The CBA notes that subsection 5(1) of SCISA permits disclosure among the 17 government institutions listed in the schedules of the act if the information is relevant to the recipient institution's jurisdiction or responsibilities under an act of Parliament or another lawful authority respecting national security. In the CBA's view, mere relevance is a very low standard for what should be an exceptional sharing of information between government institutions, and this could allow for unnecessary and overbroad sharing of information, undermining the privacy rights of Canadians. The CBA agrees with the previous submissions of the Privacy Commissioner of Canada and others that a test of necessity would better balance the objectives of SCISA with privacy rights and principles. In other words, in order for information to be shared with another institution, such sharing must not only be relevant to the receiving institution's mandate respecting national security, but also have to be necessary in order to allow the receiving institution to fulfill that mandate.

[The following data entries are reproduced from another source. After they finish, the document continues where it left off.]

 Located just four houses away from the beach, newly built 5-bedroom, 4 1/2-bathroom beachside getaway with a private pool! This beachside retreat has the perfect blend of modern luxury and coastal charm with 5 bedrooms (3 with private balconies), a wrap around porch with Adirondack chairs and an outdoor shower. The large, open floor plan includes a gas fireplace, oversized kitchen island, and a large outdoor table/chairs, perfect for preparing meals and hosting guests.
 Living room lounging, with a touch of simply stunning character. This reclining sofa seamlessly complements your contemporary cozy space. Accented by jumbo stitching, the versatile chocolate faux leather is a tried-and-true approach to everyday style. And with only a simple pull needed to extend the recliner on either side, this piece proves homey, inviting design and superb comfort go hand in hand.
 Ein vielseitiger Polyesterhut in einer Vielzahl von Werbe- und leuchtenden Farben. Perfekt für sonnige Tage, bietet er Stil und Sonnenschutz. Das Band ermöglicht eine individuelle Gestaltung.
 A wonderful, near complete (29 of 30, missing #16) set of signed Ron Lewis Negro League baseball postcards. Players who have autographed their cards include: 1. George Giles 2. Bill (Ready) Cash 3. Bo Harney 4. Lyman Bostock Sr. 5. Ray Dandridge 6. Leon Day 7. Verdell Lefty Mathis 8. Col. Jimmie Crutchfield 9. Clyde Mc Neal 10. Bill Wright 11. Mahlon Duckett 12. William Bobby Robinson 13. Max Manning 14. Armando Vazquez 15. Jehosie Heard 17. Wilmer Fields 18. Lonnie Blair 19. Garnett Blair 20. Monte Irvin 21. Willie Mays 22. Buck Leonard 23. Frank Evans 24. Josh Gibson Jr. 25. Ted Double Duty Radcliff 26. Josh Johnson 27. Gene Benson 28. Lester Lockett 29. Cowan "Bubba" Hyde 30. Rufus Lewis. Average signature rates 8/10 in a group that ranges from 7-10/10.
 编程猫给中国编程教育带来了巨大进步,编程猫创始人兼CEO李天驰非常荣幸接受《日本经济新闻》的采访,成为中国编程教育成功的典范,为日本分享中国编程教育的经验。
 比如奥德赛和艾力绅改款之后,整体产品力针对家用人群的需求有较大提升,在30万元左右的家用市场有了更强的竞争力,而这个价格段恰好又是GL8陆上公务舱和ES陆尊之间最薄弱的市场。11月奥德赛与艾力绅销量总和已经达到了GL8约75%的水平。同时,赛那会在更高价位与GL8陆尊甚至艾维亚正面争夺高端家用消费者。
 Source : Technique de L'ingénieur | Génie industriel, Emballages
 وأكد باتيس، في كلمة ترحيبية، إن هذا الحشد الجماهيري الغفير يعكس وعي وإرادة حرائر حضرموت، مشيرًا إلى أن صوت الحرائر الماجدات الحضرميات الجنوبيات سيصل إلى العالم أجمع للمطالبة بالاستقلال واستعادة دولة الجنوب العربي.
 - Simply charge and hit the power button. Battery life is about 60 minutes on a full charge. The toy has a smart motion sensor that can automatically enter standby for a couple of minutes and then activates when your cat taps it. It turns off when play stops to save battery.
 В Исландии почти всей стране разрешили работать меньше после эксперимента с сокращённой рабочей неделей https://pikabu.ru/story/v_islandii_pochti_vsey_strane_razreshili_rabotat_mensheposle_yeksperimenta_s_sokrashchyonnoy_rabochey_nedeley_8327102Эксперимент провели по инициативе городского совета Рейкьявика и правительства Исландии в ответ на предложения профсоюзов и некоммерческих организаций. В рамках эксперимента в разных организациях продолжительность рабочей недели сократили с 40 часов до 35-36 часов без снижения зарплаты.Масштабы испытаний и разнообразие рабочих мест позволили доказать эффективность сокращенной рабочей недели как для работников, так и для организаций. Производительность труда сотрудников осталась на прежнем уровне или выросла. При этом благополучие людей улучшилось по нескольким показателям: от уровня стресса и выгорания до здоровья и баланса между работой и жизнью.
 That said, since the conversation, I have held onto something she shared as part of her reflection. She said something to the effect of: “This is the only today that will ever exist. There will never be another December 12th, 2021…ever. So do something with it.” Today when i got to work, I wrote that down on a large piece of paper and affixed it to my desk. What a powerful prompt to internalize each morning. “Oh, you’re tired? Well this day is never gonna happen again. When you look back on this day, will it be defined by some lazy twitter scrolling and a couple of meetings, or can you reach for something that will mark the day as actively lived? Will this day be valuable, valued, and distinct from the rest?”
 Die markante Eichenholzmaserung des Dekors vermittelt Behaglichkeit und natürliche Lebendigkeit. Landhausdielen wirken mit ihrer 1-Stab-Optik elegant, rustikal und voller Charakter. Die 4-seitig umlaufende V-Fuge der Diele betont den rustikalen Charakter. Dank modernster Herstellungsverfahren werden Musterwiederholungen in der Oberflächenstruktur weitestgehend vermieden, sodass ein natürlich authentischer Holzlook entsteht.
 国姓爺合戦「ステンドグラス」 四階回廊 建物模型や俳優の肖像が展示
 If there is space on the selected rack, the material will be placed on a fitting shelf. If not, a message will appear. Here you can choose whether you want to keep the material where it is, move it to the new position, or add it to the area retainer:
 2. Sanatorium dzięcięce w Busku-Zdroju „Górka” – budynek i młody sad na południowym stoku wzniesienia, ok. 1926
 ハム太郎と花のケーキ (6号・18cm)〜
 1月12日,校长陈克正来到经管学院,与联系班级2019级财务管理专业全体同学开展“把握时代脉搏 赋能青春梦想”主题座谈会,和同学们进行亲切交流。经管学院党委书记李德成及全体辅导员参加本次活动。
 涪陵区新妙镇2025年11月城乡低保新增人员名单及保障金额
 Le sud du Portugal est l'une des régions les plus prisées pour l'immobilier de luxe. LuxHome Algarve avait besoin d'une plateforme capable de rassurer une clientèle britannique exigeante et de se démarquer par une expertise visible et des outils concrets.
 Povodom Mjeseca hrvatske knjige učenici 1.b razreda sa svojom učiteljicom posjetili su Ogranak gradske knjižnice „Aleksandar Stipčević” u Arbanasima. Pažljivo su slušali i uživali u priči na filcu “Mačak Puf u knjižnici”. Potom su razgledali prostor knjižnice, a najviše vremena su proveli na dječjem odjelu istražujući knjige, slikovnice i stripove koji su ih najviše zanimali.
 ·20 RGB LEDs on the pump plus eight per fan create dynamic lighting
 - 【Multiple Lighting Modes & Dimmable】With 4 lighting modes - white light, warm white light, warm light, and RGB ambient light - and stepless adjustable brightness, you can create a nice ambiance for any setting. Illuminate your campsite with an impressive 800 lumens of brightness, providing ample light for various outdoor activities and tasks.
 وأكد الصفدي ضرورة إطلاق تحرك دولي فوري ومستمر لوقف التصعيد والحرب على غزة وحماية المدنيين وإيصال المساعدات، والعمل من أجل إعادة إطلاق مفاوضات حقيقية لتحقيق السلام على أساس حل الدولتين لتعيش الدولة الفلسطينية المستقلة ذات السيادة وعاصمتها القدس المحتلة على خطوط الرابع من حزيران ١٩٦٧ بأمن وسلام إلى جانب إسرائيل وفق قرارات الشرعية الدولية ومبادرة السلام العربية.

The CBA is also of the view that the existing schedule 3 to SCISA, which lists the institutions with which information may be shared under the act, should be expanded to include references to the specific sections of the statute supervised or implemented by those institutions that might relate to national security concerns. Greater specificity would assist both disclosing and receiving institutions, as well as any oversight body, in assessing whether disclosure to another institution might be appropriate.
Our third concern with SCISA is the lack of restrictions around subsequent use and disclosure of information disclosed to an institution under section 5 of SCISA. More specifically, the current provision seems to allow for the subsequent disclosure by a recipient institution to other non-designated government institutions, to individuals, to foreign governments, or even to the private sector, and for purposes unrelated to national security.
In the CBA's view, the information sharing between government institutions contemplated by SCISA should be seen as an extraordinary measure designed to fulfill an explicit narrow purpose. Accordingly, SCISA must be designed to eliminate what is sometimes called “purpose creep”, including potential disclosure to third parties.
The CBA is particularly concerned about subsequent use and further disclosures by a receiving institution when the information has been obtained by the disclosing institution through the exercise of extraordinary powers, such as powers to compel production of information or enter premises. It would be inappropriate for a receiving institution to be able to leverage, for purposes unrelated to national security, any investigation and enforcement powers not conferred on the receiving institution by Parliament. SCISA should not allow receiving institutions to obtain indirectly that which they cannot obtain directly.
Fourth, the CBA is concerned about reliability of information.
The CBA is concerned that SCISA includes few effective checks and balances on information sharing or safeguards to ensure that shared information is reliable. The Arar commission stressed the importance of precautions to ensure that information is accurate and reliable before it is shared. Omitting safeguards in SCISA ignores lessons learned through the Arar saga and the recommendations of the Arar commission, and risks repeating the same mistakes.
In conclusion, once again the CBA appreciates the opportunity to share our views on SCISA. We support balanced information sharing for the purpose of national security when it is necessary and proportionate, and is accompanied by safeguards that are adequate to protect individual privacy rights and to ensure the reliability of any information shared pursuant to the act.
I'd be pleased to respond to any questions the committee members may have.